Konsumgutlösung
Auch: Konsumgutlösung bei Wohneigentum
Die Konsumgutlösung bezeichnet das seit 1987 geltende Prinzip, wonach das selbstgenutzte Wohneigentum steuerlich wie ein privates Konsumgut behandelt wird: Der Nutzungswert des Wohnens im eigenen Haus wird nicht mehr als Einkommen besteuert, im Gegenzug sind die damit verbundenen Kosten (Zinsen, Abschreibung, Instandhaltung) grundsätzlich nicht mehr als Werbungskosten abziehbar.
Ausführliche Erklärung
Bis einschließlich 1986 wurde in Deutschland der Nutzungswert der selbstgenutzten Wohnung im eigenen Haus im Rahmen der sogenannten Nutzungswertbesteuerung als fiktive Einnahme aus Vermietung und Verpachtung erfasst: Der Eigentümer wurde steuerlich so behandelt, als vermiete er sich die Wohnung selbst, musste den (typisiert ermittelten) Mietwert versteuern, konnte im Gegenzug aber die damit zusammenhängenden Kosten (Schuldzinsen, Abschreibung, Erhaltungsaufwand) als Werbungskosten abziehen. Dieses System wurde als kompliziert und streitanfällig empfunden.

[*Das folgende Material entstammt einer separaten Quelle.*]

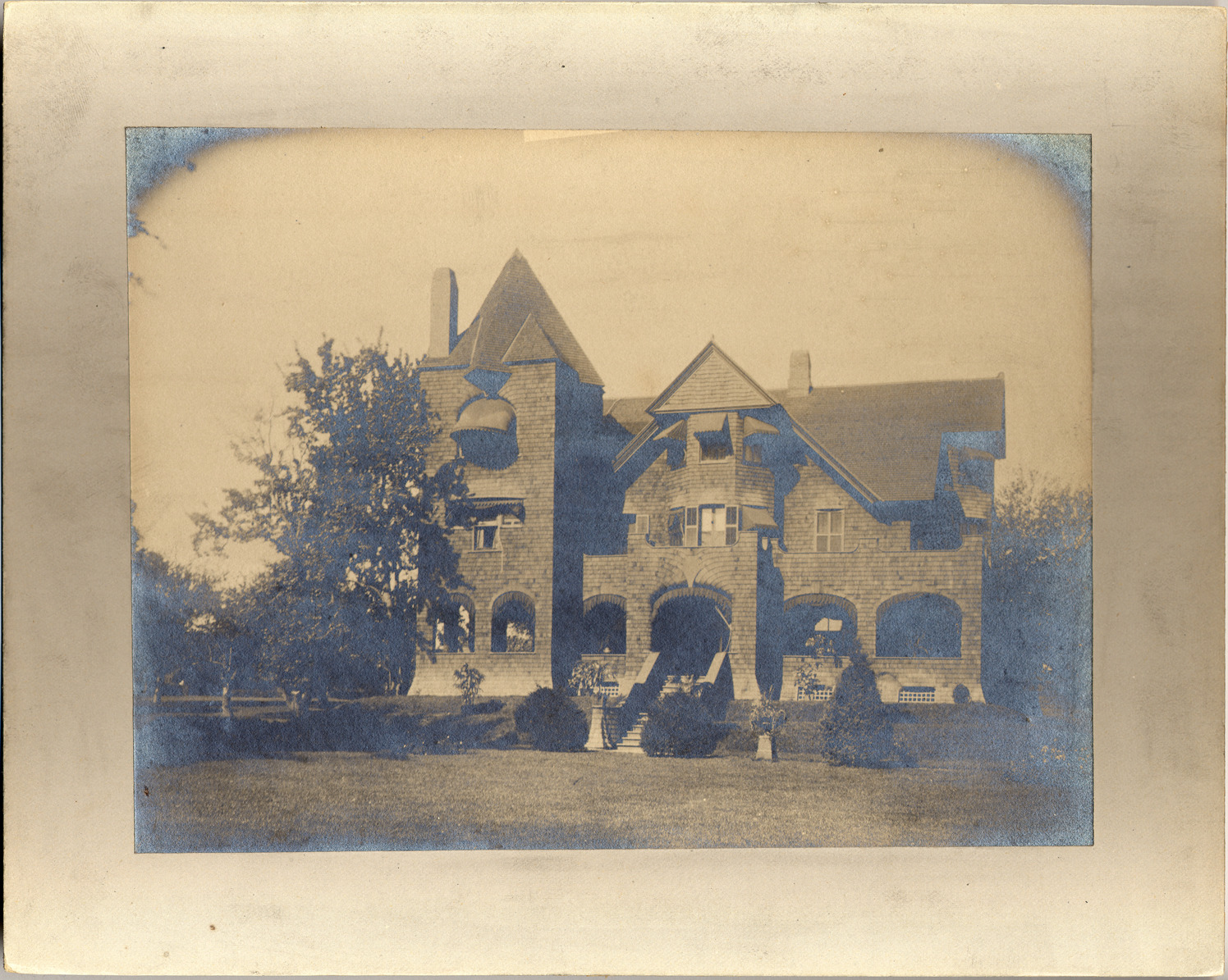 Shingle style house set on small artificial rise among trees. Handwritten on back: "John S. Newberry residence (3d) 'Lake Terrace.' Stood at present day 99 Lakeshore Road. Was destroyed in 1914."

Der Gesetzgeber vollzog daher ab 1987 einen Systemwechsel: Selbstgenutztes Wohneigentum wird seither als Konsumgut behandelt – vergleichbar mit anderen langlebigen Gebrauchsgütern des privaten Lebens. Die Konsequenz der Konsumgutlösung ist doppelseitig: Es wird kein fiktiver Nutzungswert mehr besteuert (das "Wohnen im eigenen Haus" bleibt einkommensteuerlich neutral), im Gegenzug entfällt aber grundsätzlich auch der Werbungskostenabzug für Finanzierungszinsen, Abschreibung und laufende Kosten der selbstgenutzten Immobilie. Übergangsweise gab es für Altfälle Wahlrechte und Sonderregelungen; seit deren Auslaufen gilt die Konsumgutlösung uneingeschränkt.

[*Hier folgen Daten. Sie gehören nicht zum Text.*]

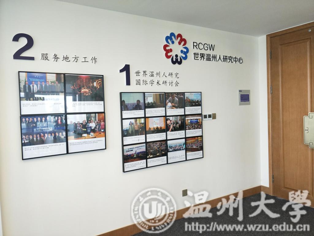 一进入世界温州人研究中心,墙上的许多照片吸引了记者的注意。照片墙分为两个主题,第一个主题是世界温州人研究国际学术讨论会,里面是从2010年以来举办的各届世界温州人研究国际学术讨论会的盛况。照片墙的第二个主题是服务地方工作,以及世界温州人研究中心的研究员们配合温州市政府参与海内外温州人学术研究活动情况。世界温州人研究中心秘书长、亚洲无码 商学院教授张一力博士向记者一一讲述照片的故事。

Die Konsumgutlösung markiert damit die begriffliche und systematische Trennung zwischen selbstgenutztem Wohneigentum (steuerlich neutrales Konsumgut) und vermietetem Wohneigentum (steuerlich relevantes Investitionsgut mit Einkünften aus Vermietung und Verpachtung nach § 21 EStG). Für die Beratungspraxis ist der Begriff relevant, um zu erklären, warum bei selbstgenutzten Immobilien – anders als bei vermieteten – Zinsen und Abschreibungen steuerlich grundsätzlich irrelevant sind, während bestimmte begünstigte Ausgaben (z. B. haushaltsnahe Dienstleistungen, energetische Sanierung) über gesonderte Förderregelungen erfasst werden.
Beispiel aus der Praxis
Ein Ehepaar bewohnt sein abbezahltes Einfamilienhaus selbst. Nach der Konsumgutlösung muss es keinen fiktiven Mietwert versteuern, kann im Gegenzug aber auch die laufenden Kosten des Hauses (z. B. Instandhaltung) nicht steuerlich absetzen – anders als bei einer vermieteten Immobilie, bei der Einnahmen zu versteuern, aber auch Kosten abziehbar wären.
Rechtsgrundlage
Keine ausdrückliche Einzelnorm; die Konsumgutlösung ergibt sich aus dem seit 1987 geltenden Ausschluss der selbstgenutzten Wohnung aus dem Anwendungsbereich des § 21 EStG (Einkünfte aus Vermietung und Verpachtung).